# Bobarra Covers- Kindle 3



## rockstone (Aug 16, 2010)

I have planned on ordering a Noreve cover as soon as they have their site up and running with the details. I was so looking forward to the Medge covers, but they left me too disappointed , what with their lack of a hinge option and phasing out of dual coloured designs, in short some of their fantastic K2 designs are history...

Since i need a backup cover, the Dickens cover from Bobarra have pulled me strongly toward them. Any folks have experience with these covers?? They look classy and subtle,exactly what i need and i have heard good experiences about their CS.
http://www.bobarra.com/cart/Kindle2-leather-covers_professional-readers/.

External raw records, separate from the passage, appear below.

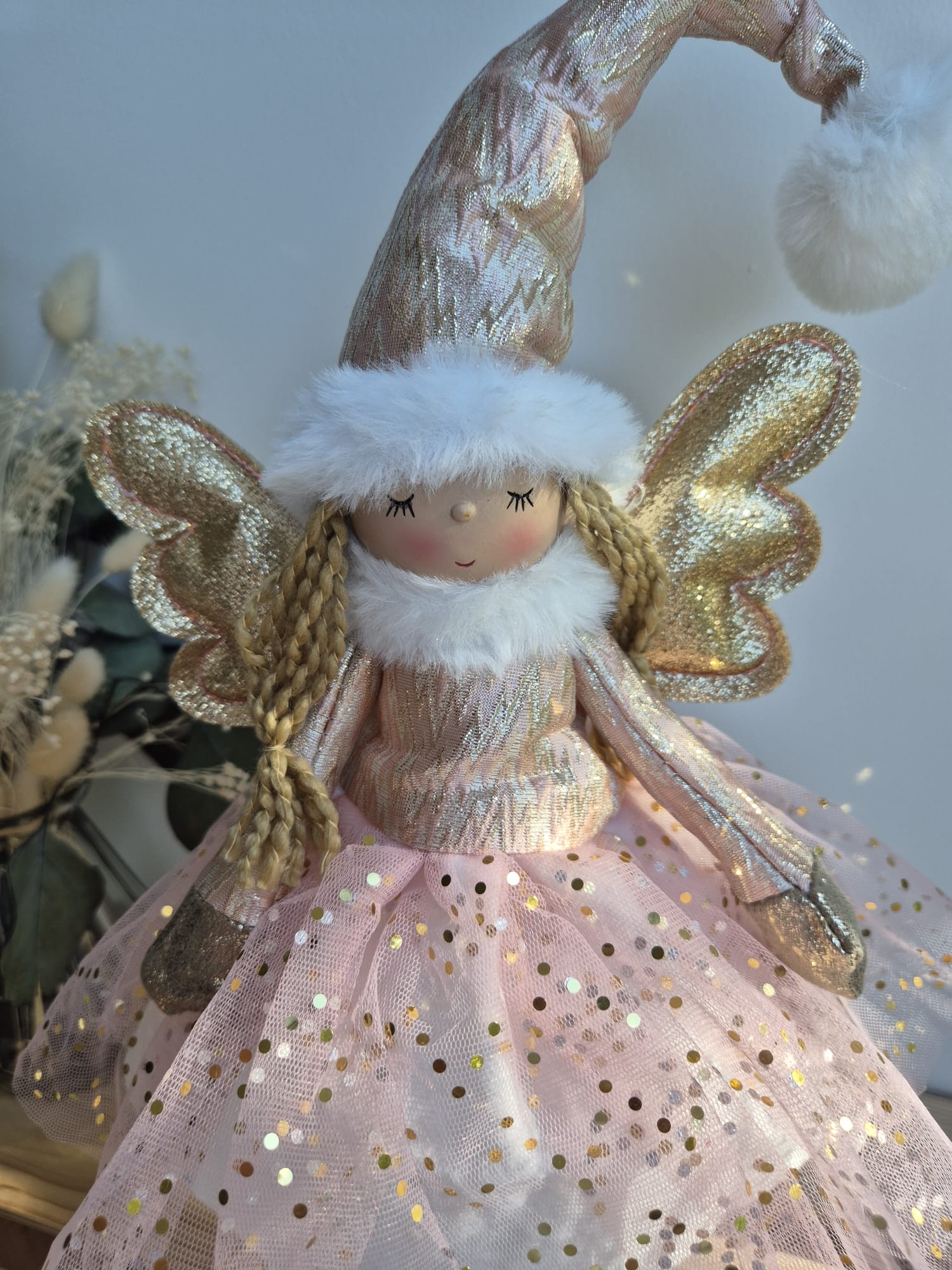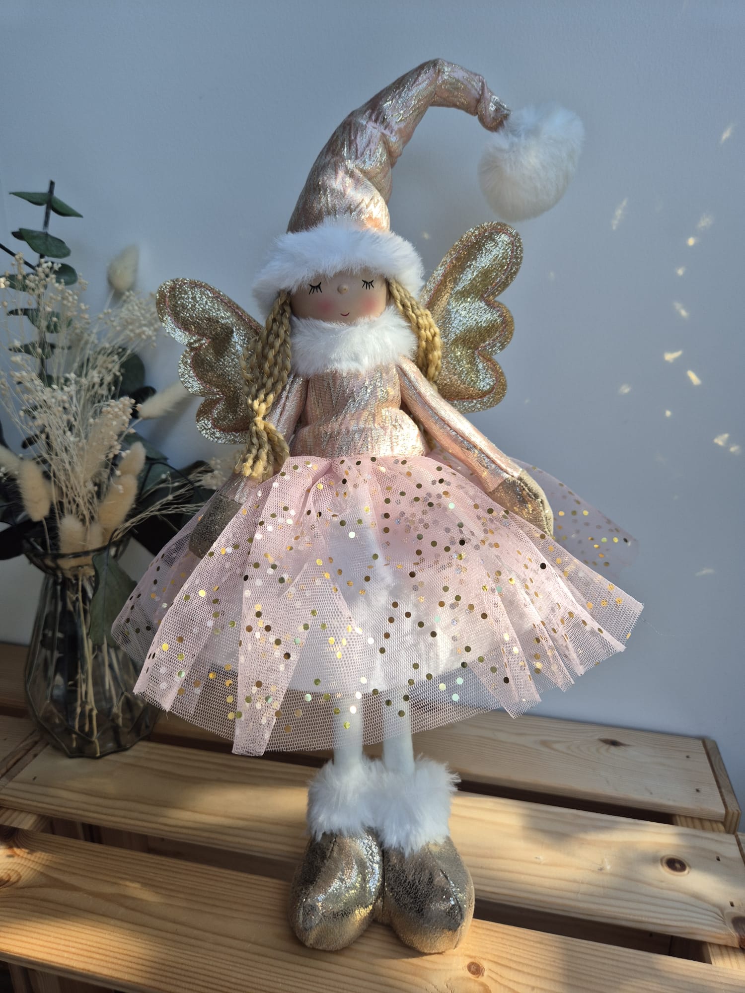 Voici la poupée Jade, ornementée d'ailes pailletées, au visage souriant et apaisé, et vêtue d'une jolie tenue vaporeuse, chaude et douce.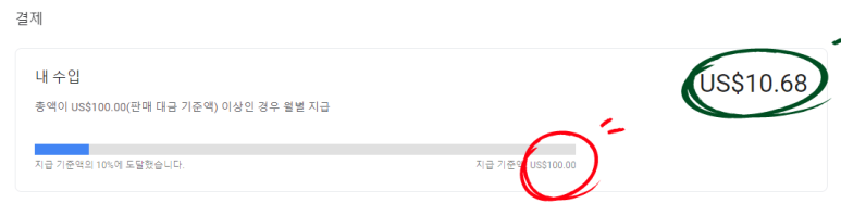 근데… 100달러가 되야 수익을 지급하대요. 아직 10%밖에 채우지 않았기 때문에 계좌 설정은 천천히 해야 합니다.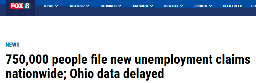 △福克斯新闻报道截图:全美有75万人首次申请失业救济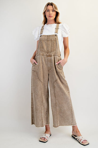FLORAL PATTERN WASHED TWILL OVERALLS -WIDE LEG SILHOUETTE -FRONT AND BACK POCKETS -CHEST KANGAROO POCKET -SIDE BUTTON CLOSURE -ADJUSTABLE BRACE STRAPS -RELAXED AND LOOSE FIT -SMALL MEASUREMENTS : INSEAM - 36" OUTSEAM - 24.25" & BUST - 17"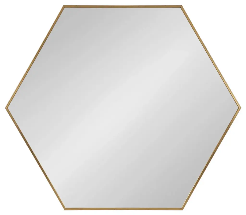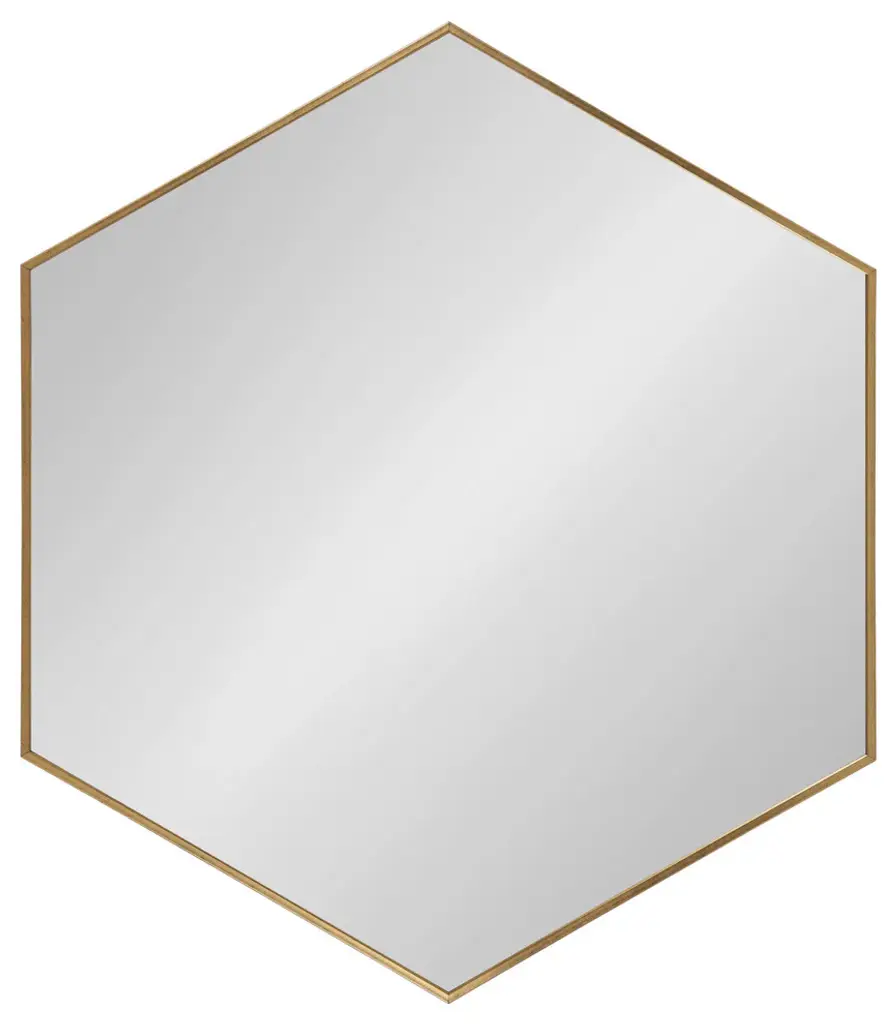 Rhodes Framed Hexagon Wall Mirror, Gold, 30.75x34.75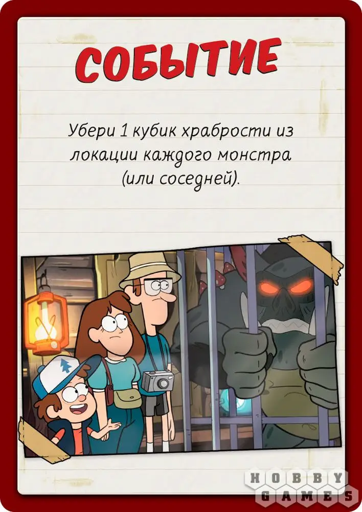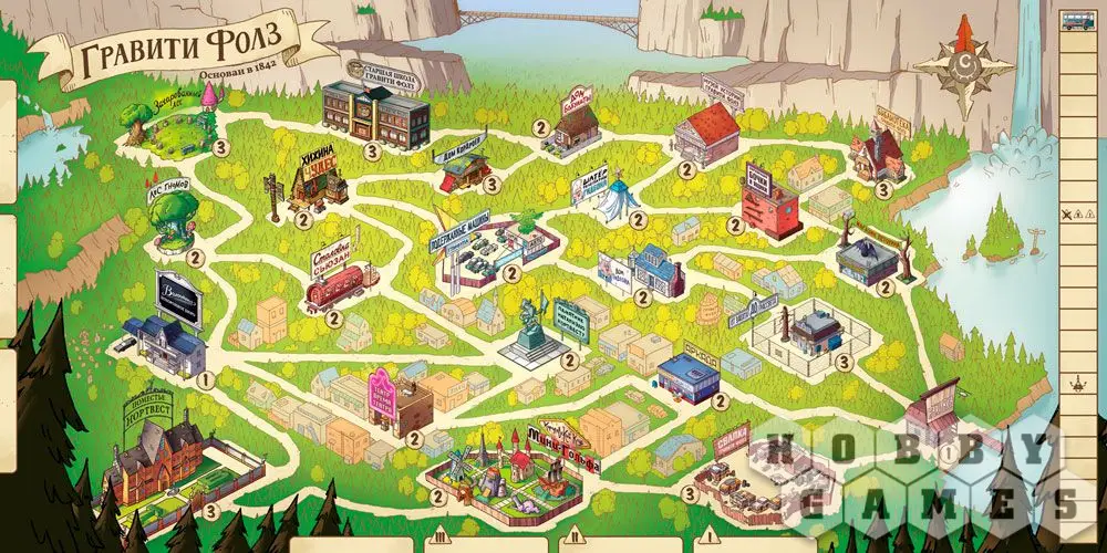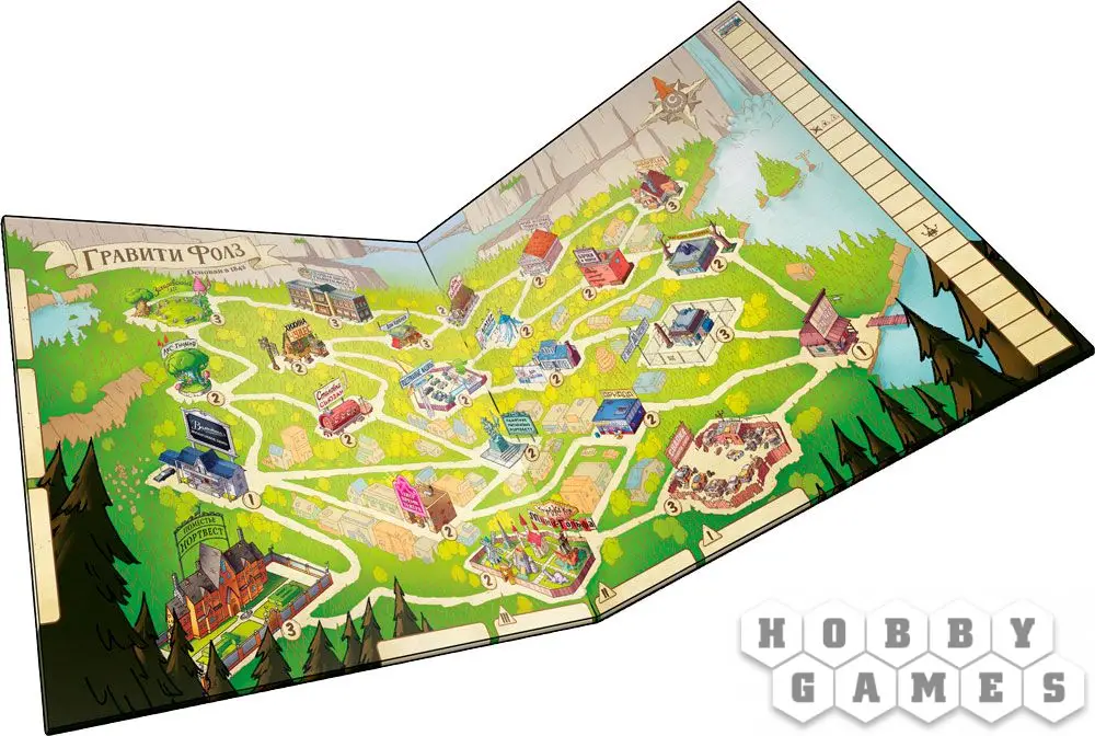 В этой кооперативной игре для 1 – 5 игроков вам предстоит путешествовать по Гравити Фолз, защищать его от монстров и убеждать горожан помочь вам. С каждым ходом от монстров всё больше бед, и доверие к игрокам падает. Чтобы не допустить этого, вам нужно победить их до того, как маркер тревоги достигнет предельного значения.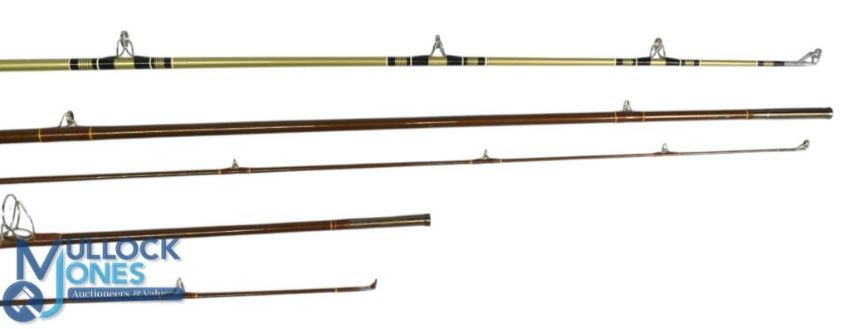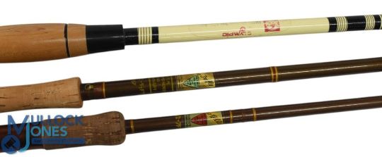 Milbro Scotland Trufly hollow glass trout fly rod F8/2, 9ft 6" 2pc line 6#, alloy down locking reel seat, lined butt/tip ring, MCB. Light use. Milbro Scotland Gillie hollow glass spinning rod F71/2, 7ft 2pc, 14" handle, alloy uplocking reel seat, MCB. Olympic Japan solid glass sea boat rod, 6ft 6" 2pc including handle, 26" wood handle, double alloy uplocking reel seat, lined rings, cloth bag. Light use (3)

I contacted Andrea from Bobarra (she replied in quick time)and these would be available approximately by mid October.


----------



## Kindle Convert (Nov 8, 2008)

I have an Austen Cover in Pink/Green for my K2 and I love it!  It's my favorite cover and Andrea gives great personalized customer service.  Big fan here!


----------



## LibbyD (Apr 28, 2009)

I have two Bobarra covers -- a leather one, and the fabric one with the frog design. They are nicely made but I don't care for the elastic corners.  They are also very bulky.  

I bought both of them when my K2 was only a few weeks old and I was in the grip of accessory mania.  At that time were only a few choices and these looked like the best of the bunch, but I soon realized I wasn't satisfied.  I tried Noreve and fell in love with the quality and workmanship, the wonderful leather, the rail system, and the slim, close fit.  

I agree that Andrea is terrific.  Very pleasant and also eager to please.


----------



## mistyd107 (May 22, 2009)

I have several Bobarra covers and I love them
All. I'm not using them but I would be if I hadn't
Gotten caught in the Oberon craze and loaned
Them out before fully accepting the Oberon does not work for
Me. Now I think they've been
Taken hostage. Personally I Love the Austen I have absolutely no issue with them and Andrea is a joy


----------



## rockstone (Aug 16, 2010)

Thanks for the info folks. How heavy are they?? As heavy as the Oberons?? How is the comfort factor to hold the cover single handed??


----------



## Margaret (Jan 1, 2010)

I have the Bobarra Austen cover for my K2 and it works well for me.  The cover folds back and I use one hand to hold it with no trouble at all.


----------